Unacknowledged emotions build walls but, once validated, what had seemed to be an insurmountable problem can vanish as quickly as it appeared.

So, if you are ever tempted to describe someone in your teams as "too emotional", it's worth remembering that if you take the time to understand what they're feeling rather than seeing it as a frustrating complexity you'll probably solve problems a lot sooner, and a lot easier.

Spill's 5 tips for putting all that into practice...

⛑.  Acknowledge that work is an inherently emotional place.
The worst thing we can do is to try and avoid emotions at work altogether. Thank them for having the openness to bring it up.

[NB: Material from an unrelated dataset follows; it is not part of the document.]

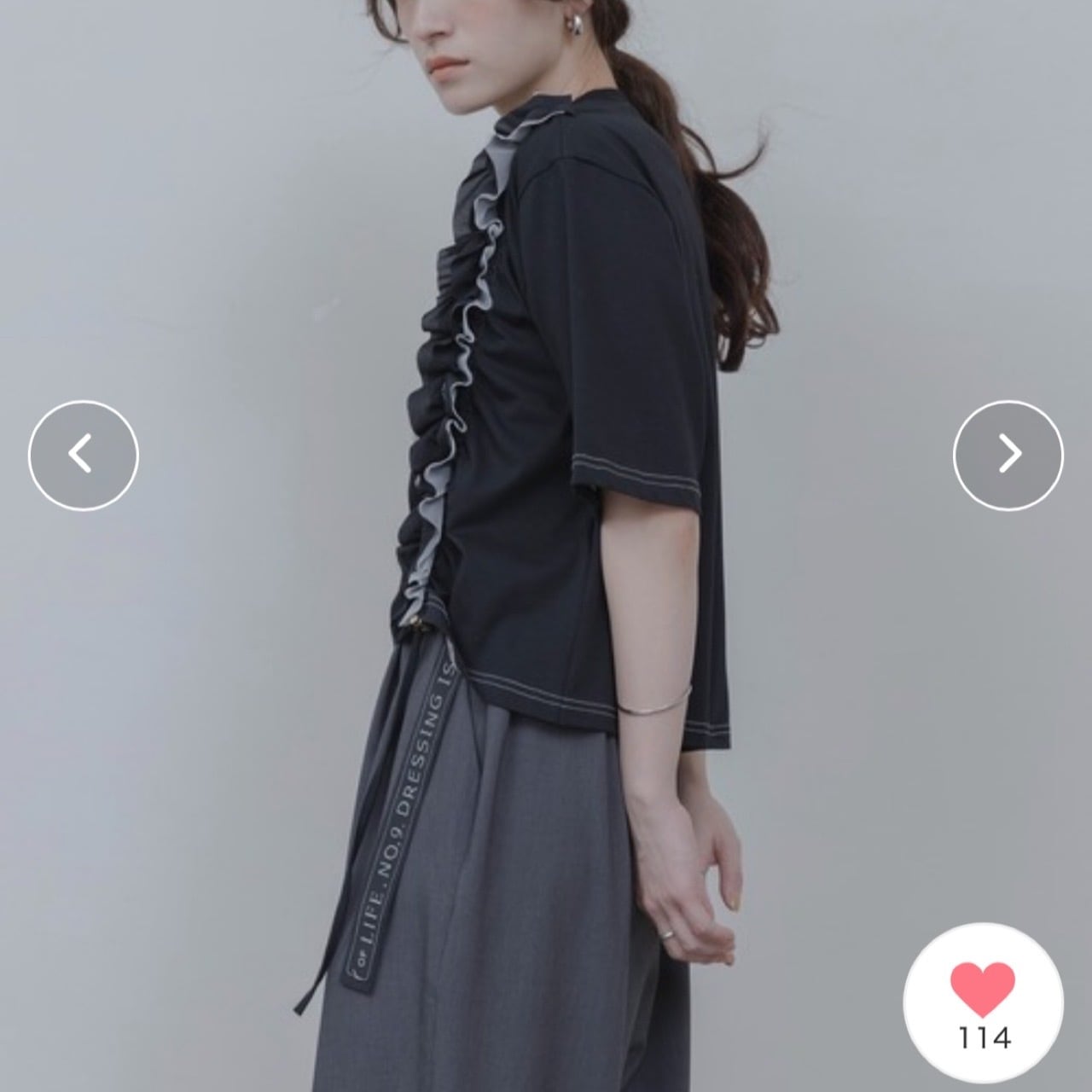 ドロストでフリルの位置、丈感を調整できるのでボトムや身長によってお好みのバランスで着用できる優秀トップス。

💪.  Be clear about boundaries.
Showing emotion at work is necessary, but there are certain places where it's not appropriate (like on whole-company video calls).

🚧.  Separate the emotion from the situation that brought it about.
Explain that you want to discuss each of these two things in turn, separately. Conflating the two can lead to a misdiagnosis.

👀   Recognise the emotion(s) that the employee is feeling.
Ask them to expand, ask clarifying questions, listen, and replay back what you've heard to check you aren't misinterpreting them.

🗣.  When discussing the situation, ask 'why' at least three times.